Consider talking a similar approach to your own comparisonitis. Imagine the critical thoughts as a nasty person called something like Blake, and visualise that person berating a friend of yours with the same critical words. In that situation, would you tell that friend they should listen to this overly harsh critic? Should they beat themselves up if they aren’t reaching comparable success to their peers? Is listening to Blake going to serve them? Consider the advice you’d give them when they’re suffering at the hands of this bully that constantly compares them to others. Now take your own advice and deal with your critical voice accordingly.

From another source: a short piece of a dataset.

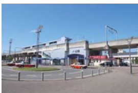
JR 大元駅まで 徒歩 7分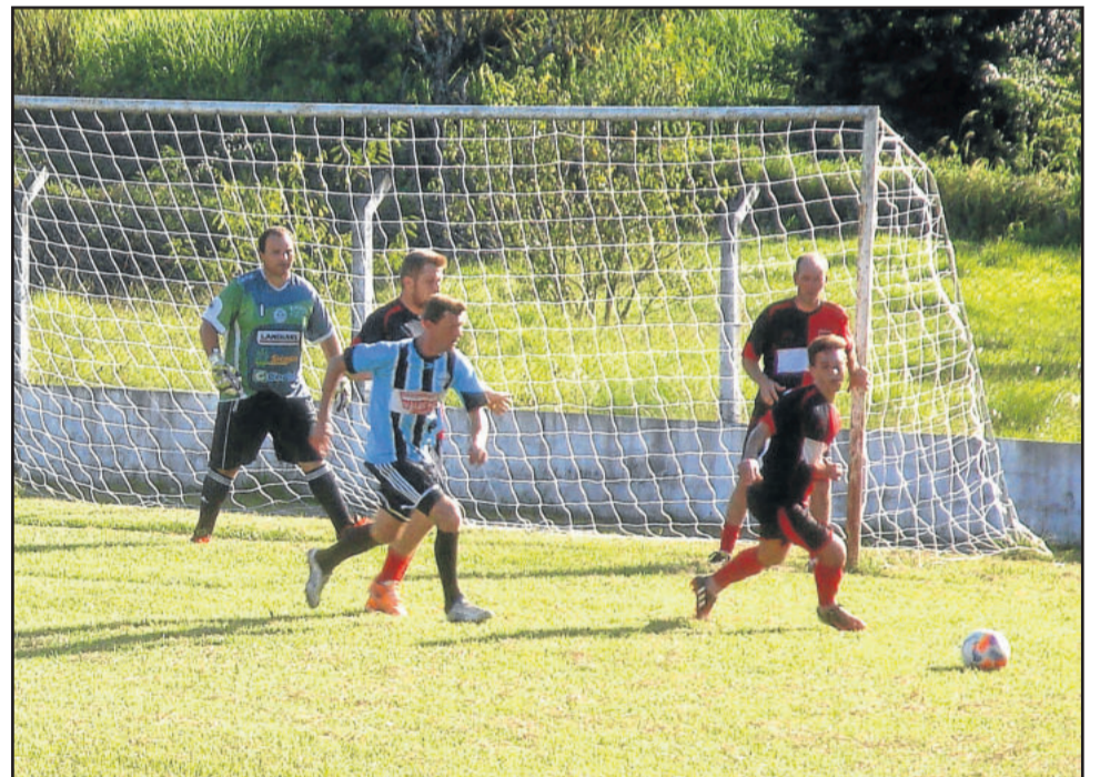
Flamengo, com a bola, pretende melhorar o entrosamento a partir da próxima rodada

Is a weapon inherently good or bad? The answer: neither. In the wrong hands, a weapon can help a dictator oppress but, in the right hands, it can help a hero stand up to a villain. Your perception of the weapon depends how you frame it. Comparison is similar. Indeed, researchers of a “landmark” 1995 psychology study note that bronze-medal-winning Olympians “on the whole, visibly [appear] significantly happier than the silver medallists who beat them.” They found this happens because bronze medallists tend to feel fortunate, having beaten fourth place to a medal, while silver medallists mainly focus on missing first place. Framing shapes their reality.
What we can learn from this study is that we can’t stop comparing ourselves but we can change how we do it. Hence, if you can’t blinker yourself from points of comparison or use coping tactics to minimise their power, try reframing them in a way that gives you a mental advantage. When an author-friend hits the New York Times list, don’t think, “It should have been me.” Instead, think, “They did so well! As I know them, I’ll ask them what they did and do the same myself.” Likewise, don’t consider early indie authors as the lucky ones who got in before most of their competition. Think of them as explorers, without whom you might never have published at all.
Comparing yourself to others is inevitable. It’s an instinct and will never go away no matter how high you climb in your various social hierarchies. Know, though, that comparisonitis doesn’t have to be a destructive force in your life. Learn how to channel it in productive ways and not only will you gain more success but you will also generally live a happier existence.